1925: Mrs. W. J. Matherly of Chapel Hill invents what is possibly the first automobile seat belt and child-restraint device. She places broad bands of cloth under her 11-month-old daughter’s arms and across her chest. Then she adjusts the bands so they are tight enough to hold the child captive yet loose enough for her to move her head and limbs.

1927: The Ford Motor Company manufactures 100,000 automobiles at a plant in Charlotte.

1927: Charles Lindbergh wins a prize of $25,000 for flying nonstop from New York to Paris, a 33-hour flight over water. He returns to the United States by ship and is welcomed by four million people and a ticker-tape parade in New York City.
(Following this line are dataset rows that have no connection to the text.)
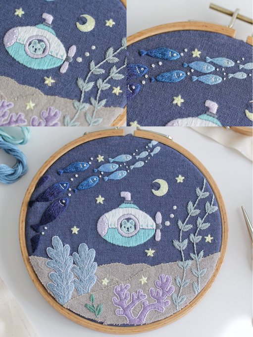🫧潜水艦のブローチ(星海探検)🌟 新作のブローチが完成しました! 以前壁飾りとして作った作品が元になっています🌊 壁飾りと同じ配色のものと、全体をイメージしたものと両方作ってみました。 クリマに持っていきます! #刺繍 #ハンドメイド #クリエーターズマーケット
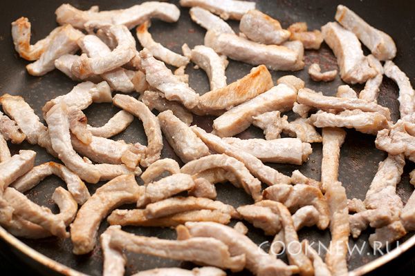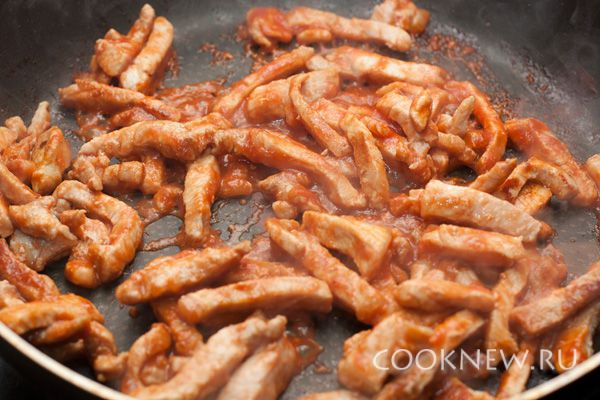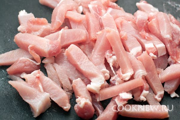 Мясо нарежьте тонкими брусочками
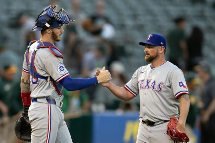 Evan Carter and Nathaniel Lowe produced insurance runs in the ninth with RBI singles, allowing the Rangers to survive a four-run uprising by the A’s in the last of the inning that had the potential tying and winning runs aboard when Kirby Yates got Tyler Nevin to fly out.

1931: Raleigh becomes a rest and refueling stop on the first regularly scheduled airline passenger route from New York to Miami.

1935: German engineers begin developing early prototypes of jet engines. A poor decision by Adolf Hitler slows Germany’s introduction of jet aircraft into World War II until after 1944.

1936: The Intracoastal Waterway is completed through North Carolina.

1937: The German airship Hindenburg bursts into flames in New Jersey after arriving from Frankfurt, Germany.

1940: Piedmont Aviation is incorporated under North Carolina law. The airline company is headquartered at Smith Reynolds Airport in Winston-Salem.

1944: During World War II, Major George E. Preddy of Greensboro gains international fame as a flying ace by shooting down a record number of Nazi aircraft.

1948: North Carolinian Francis Melvin Rogallo invents the triangular-winged delta plane for hang gliding.

1949: The General Assembly authorizes $7,500,000 in bonds to improve the shipping ports at Wilmington and Morehead City.

1949–1953: More than 14,800 miles of rural roads are finally paved in Governor W. Kerr Scott’s campaign to “get the farmer out of the mud.”

1950–1953: While they were first used in World War II (1941–1945), helicopters become indispensable during the Korean War. When medics begin serving on helicopter crews and giving blood transfusions in flight, the number of wounded soldiers who die before reaching hospitals drops in half.